Uh. Yeah. Not. My dad came over yesterday morning and the three of us started taking apart the smallest little cabinet next to the stove, just to get an idea of how they were put together. That’s when we discovered that even though the facing on the cabinets is perfectly hideous and poorly done, the actual cabinets themselves are very, very sturdy. Unlike stock cabinets, which are built off-site and then screwed or hung into place, these suckers were built in place, layer by layer (the construction of the cabinets, and the good quality of the wood their maker used also suggests that they are even older than we’d originally guessed – they’re not original to the house, but they’ve most likely been there for at least 50 or 60 years). There is no simple way to remove them, short of literally tearing them apart, piece by piece, with crowbars and sledgehammers. Oh, and that oh-so-lovely countertop with the hideous brown speckled tile and the gritty black grout? It’s installed over a nice fat steel frame, filled with cement. Whoever built those things had even worse design sense than I do (and that’s saying something) but he was bound and determined that once they were in, those cabinets were *staying*.

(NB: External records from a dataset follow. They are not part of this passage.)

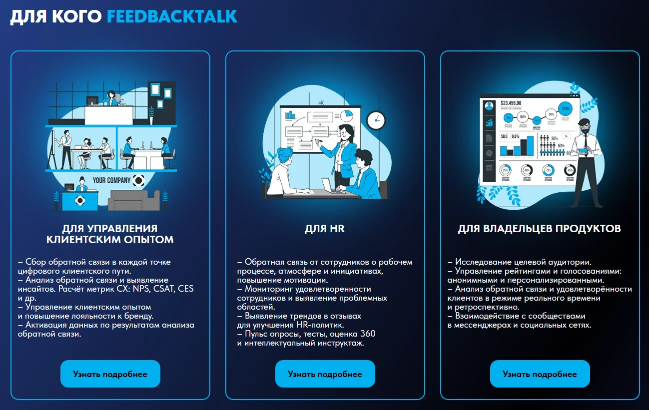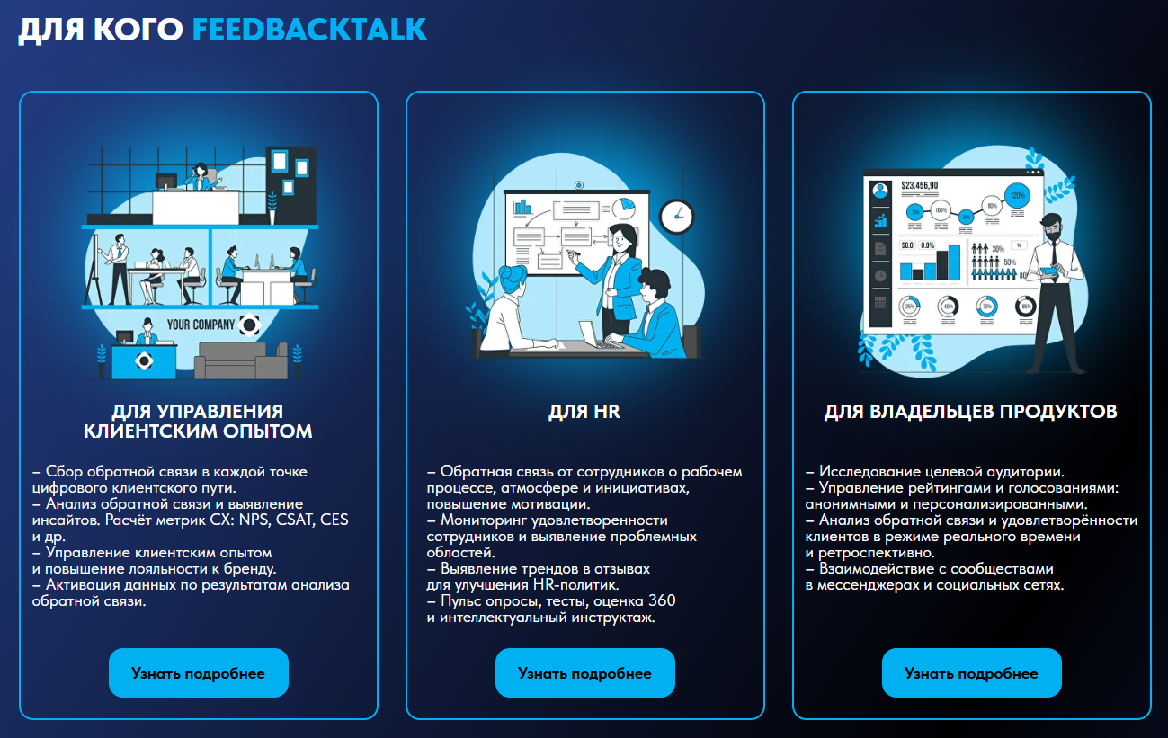 Корпоративная версия подойдёт компаниям федерального масштаба: для повышения эффективности работы продакт-оунеров, маркетологов и сотрудников HR. Облегчённая версия — для управления опросами и обратной связью в малом и среднем бизнесе.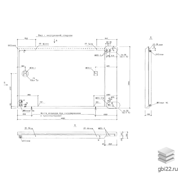 Перевозка осуществляется вертикально в защитных кассетах с деревянными прокладками. Для складирования предусмотрены инвентарные подкладки по схемам из Альбома РМ 2919-03.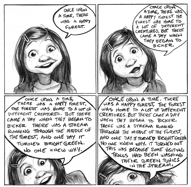 I talked to Scoble the illustrator elf about the sort of illustration that would be perfect for a tip about paragraphs.  We each suggested ideas and then imagined a young girl who talked so fast and continuously—never even stopping to breathe—that her words would feel like an avalanche with no end.

We managed to get that one cabinet out and disconnect the stove and drag that off to one side, but that was enough to make us realize that there was no way we were going to be able to demo the rest of it ourselves, especially considering the weight of those counters. So…we are going to leave the demolition of the kitchen to people who actually know what they are doing. Ah well.
Yes but the kitty and the dishwasher I still want to know!
I consider your renovations a guide for me at some point in the future so thanks for the updates!